A mysterious
stranger tells Carla he’s a spy, but Diane pokes holes in his stories right and
left. Finally, he confesses to all that he’s simply a bored writer, tale
spinning for attention, much to the chagrin, and unpopularity, of Diane, who
feels terrible for being a wet blanket to his barroom illusions. When he
returns, he elaborates on his story by claiming to be a poet, but when Diane
gets him on the horn to Atlantic Monthly, his purloined verse is revealed,
again to Diane’s embarrassment. Finally, he writes a check to buy the bar for a
million dollars, and Sam naturally disbelieves him and rips it up, but when a chauffer
arrives and seems to confirm his wealth, the “spy” seems to have the last
laugh.
First half of
this episode is fantastic, in which Diane’s hypocritical lie-puncturing leads
to Sam’s great mini-speech, explaining the “bar purpose” of allowing regular
folk to “shoot off their mouths and et away with it.” When the patronage casts
her with stones as a result of her behavior, she has the opportunity of some
deep reflection and reformation, but the second half continues the spy’s
duplicity (ending with the theme of “we should have had fun with this guy all
along).

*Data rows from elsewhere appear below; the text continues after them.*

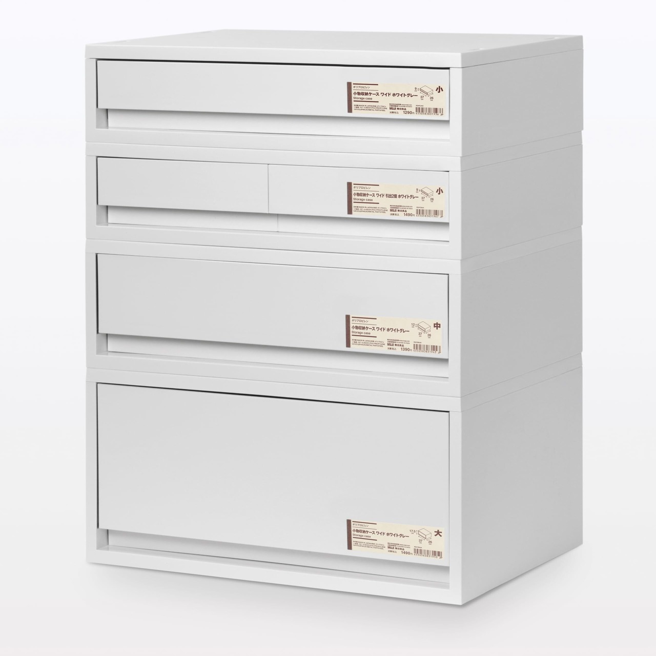 無印良品 ポリプロピレン 小物収納ケース ワイド 小 引出2個 ホワイトグレー 83831967
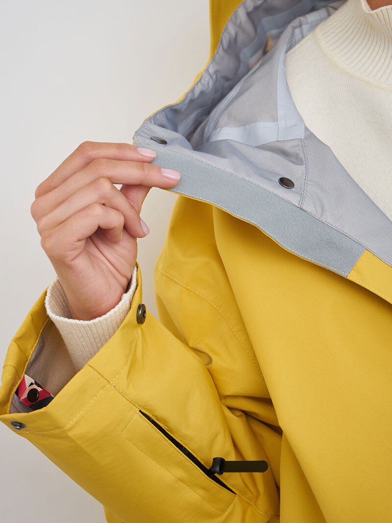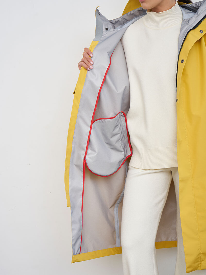 Желтый базовый плащ из премиальной мембранной ткани для активной жизни в городе и на отдыхе.
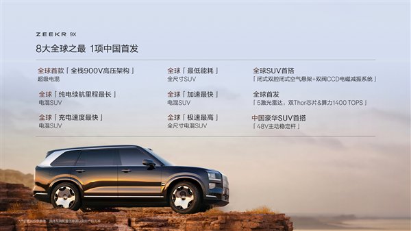 极氪9X搭载行业最强宁德时代6C骁遥电池,是全球纯电续航里程最长的电混 SUV,也是全球充电速度最快的电混SUV,SoC20%-80%只需9分钟,CLTC纯电续航里程达到380公里。
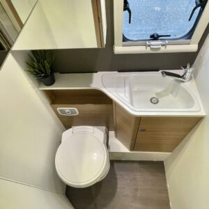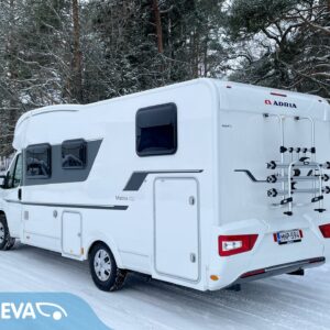 Auton keskivaiheilla sijaitsee erilliset WC/ suihkutilat sekä keittiö isolla jääkaappi- pakastimella varustettuna. Materiaalit ja värivalinnat taattua Adria laatua, tästä vähän ajettu pirteällä moottorilla oleva Adria josta on iloa ja matkustusmukavuutta vuosiksi!
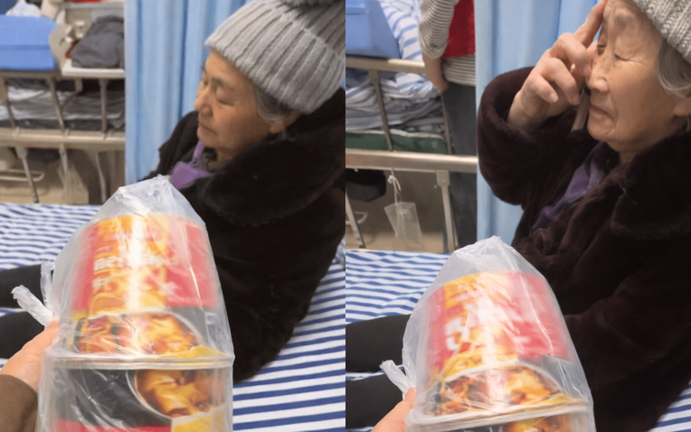 Nhân vật chính trong câu chuyện là một bà cụ đã sinh 8 con trai và 2 con gái. Tuy nhiên, cảnh tượng tuổi già của bà lại rất xót xa. Khi nhập viện, bà thậm chí không có nổi một bữa cơm nóng. Do sức khỏe yếu, bà không thể xuống căng-tin mua đồ ăn nên đành sống qua ngày bằng mì gói. Khi được hỏi vì sao, bà chỉ nói đơn giản: "Vì cái này rẻ".

It’s a chance for some real character development, which Cheers is perennially so good at;
unfortunately it went a more sitcomely route.
Raab in the "A Life in the Theater" |
Cold open: Norm,
none too enthusiastically, is meeting his wife in remote Maine, then hands off
directions to meet her to a young Naval officer. At the last minute, he takes
them back, explaining, “I couldn’t do that to the Navy!”
Norm’s opener:
(Diane: What’s new, Norman) Most of my wife.